A few months ago I joined forces with Sir Anthony Seldon, the vice-chancellor of Buckingham University, to run an idea up the flagpole. Why not make it possible for senior managers from outside the teaching profession to retrain as heads? Anthony, who was a successful head himself, is in the process of setting up the Buckingham Institute of School Leadership to train the heads of the future. He proposed creating a mid-career and late-career entry track into this programme so successful managers in their thirties, forties and fifties can retrain as school leaders.
This idea was met with some scepticism by teachers and I can’t say I blame them. It rankles for the same reason that allowing people from outside the profession to set up free schools rankles, as well as encouraging people to teach who don’t have QTS (Qualified Teacher Status). It implies there’s nothing particularly valuable about the training or experience that goes into the making of a good teacher — any Tom, Dick or Harry could waltz in off the street and do what they do.
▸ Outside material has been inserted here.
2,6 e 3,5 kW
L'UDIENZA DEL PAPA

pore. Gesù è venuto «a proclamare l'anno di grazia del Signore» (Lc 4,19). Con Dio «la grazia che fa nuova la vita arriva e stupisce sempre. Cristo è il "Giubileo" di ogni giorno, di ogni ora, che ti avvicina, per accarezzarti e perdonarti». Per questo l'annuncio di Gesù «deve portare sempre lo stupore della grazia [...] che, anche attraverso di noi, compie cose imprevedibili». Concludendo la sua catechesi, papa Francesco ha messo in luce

It’s symptomatic of a failure to take the profession of teaching -seriously, which is an continuing source of resentment. If I were a teacher it would certainly annoy me.
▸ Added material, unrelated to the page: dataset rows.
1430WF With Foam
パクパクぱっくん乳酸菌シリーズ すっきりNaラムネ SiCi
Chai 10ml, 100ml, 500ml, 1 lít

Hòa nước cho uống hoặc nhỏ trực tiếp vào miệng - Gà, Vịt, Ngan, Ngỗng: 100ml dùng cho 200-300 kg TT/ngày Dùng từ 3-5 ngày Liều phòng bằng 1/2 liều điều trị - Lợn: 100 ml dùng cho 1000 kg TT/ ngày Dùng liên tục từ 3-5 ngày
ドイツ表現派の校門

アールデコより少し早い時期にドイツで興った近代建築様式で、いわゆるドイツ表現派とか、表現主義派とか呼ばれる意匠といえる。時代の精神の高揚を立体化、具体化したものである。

For what it’s worth, my -experience of helping to set up free schools left me with a huge respect for the profession. None of the schools would have got off the ground without the involvement of experienced teachers as co-founders, and that’s true of most free schools — more than 70 per cent have been set up by teacher–led groups. In addition, the eagerness of free schools and academies to employ non-qualified teachers has been exaggerated. At our schools we take on non-QTS teaching staff only if they’re willing to become qualified in due course.